The Cato Corporation reported net income for the fourth quarter and year ended February 2, 2013. For the fourth quarter, the Company reported net income of $7.9 million or $0.27 per diluted share, compared to net income of $10.1 million or $0.35 per diluted share for the fourth quarter ended January 28, 2012.
For the quarter, net income decreased 22% and earnings per diluted share decreased 23% from the prior year. Full year fiscal 2012 net income was $61.7 million or $2.11 per diluted share compared to $64.8 million or $2.21 per diluted share for 2011. For the year, both net income and earnings per diluted share decreased 5% from the prior year.
Sales for fiscal fourth quarter ended February 2, 2013 were $232.0 million, an increase of 5% over sales of $221.5 million for the fourth quarter ended January 28, 2012. On a comparable 14-week basis, total sales for the quarter decreased 4% and same-store sales decreased 7% from last year.
For the year, the Company's sales increased 1% to $933.8 million over 2011 sales of $920.6 million. On a comparable 53-week basis, total sales for the fiscal year ended February 2, 2013 decreased 1% and same-store sales decreased 4% from last year.
"Cato faced a very difficult year in 2012," stated John Cato, Chairman, President and Chief Executive Officer. "The already weak economic environment was further impacted by political uncertainty, tax changes and higher costs that negatively impacted our customer."
4Q AND 2012 REVIEW
In the fourth quarter, gross margin increased 20 basis points over the prior year to 34.8% of sales primarily due to higher merchandise margin, somewhat offset by higher store occupancy costs.

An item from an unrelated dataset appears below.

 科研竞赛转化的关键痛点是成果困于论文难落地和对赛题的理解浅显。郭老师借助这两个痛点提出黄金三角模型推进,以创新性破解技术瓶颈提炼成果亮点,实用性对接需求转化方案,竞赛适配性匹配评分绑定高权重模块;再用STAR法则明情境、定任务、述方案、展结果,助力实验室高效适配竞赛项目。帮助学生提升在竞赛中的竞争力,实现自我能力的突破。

Selling, general and administrative expenses were 28.3% of sales, compared to 26.7% in the prior year. SG&A costs as a percent of sales were higher primarily due to the deleveraging of store payroll costs and higher impairment costs, partially offset by lower accrued incentive compensation. The Company's effective income tax rate increased to 40.0% from 35.2% last year due to higher state taxes and a correction of an immaterial prior period error.
For 2012, gross margin increased 10 basis points to 37.7% of sales primarily due to higher merchandise margin, partially offset by higher store occupancy costs. Selling, general and administrative expenses increased to 26.2% of sales due to the same reasons as the fourth quarter. The Company's effective income tax rate increased to 37.7% from 35.3% last year primarily due to the reasons discussed above for the fourth quarter.

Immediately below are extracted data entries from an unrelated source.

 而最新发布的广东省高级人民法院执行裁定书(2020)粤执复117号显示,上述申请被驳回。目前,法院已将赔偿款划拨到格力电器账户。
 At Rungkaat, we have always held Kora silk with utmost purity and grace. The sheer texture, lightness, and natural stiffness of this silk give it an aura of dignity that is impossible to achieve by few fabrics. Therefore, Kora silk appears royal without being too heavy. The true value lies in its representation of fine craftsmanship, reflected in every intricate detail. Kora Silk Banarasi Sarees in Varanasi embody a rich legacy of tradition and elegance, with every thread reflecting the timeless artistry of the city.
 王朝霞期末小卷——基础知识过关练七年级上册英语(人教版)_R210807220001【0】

"Cato continues to maintain a strong balance sheet, with approximately $200 million in cash and short-term investments and no debt," commented Mr. Cato. During 2012, the Company returned $87.2 million in profits to shareholders through dividends.
The dividends paid in 2012 include the acceleration of 2013's full dividend of $1.00 and a special dividend of $1.00. In late February 2013, the Company increased its dividend by an annualized amount of $0.20, a 20% increase over the annualized dividend rate for 2012, exclusive of the special dividend and accelerated 2013 dividend discussed above.
For the fiscal year ended February 2, 2013, the Company opened 34 stores, relocated nine stores and closed 12 stores. The closings for the year include two It's Fashion stores closed to open It's Fashion Metro stores in the same market. As of February 2, 2013, the Company operated 1,310 stores in 31 states.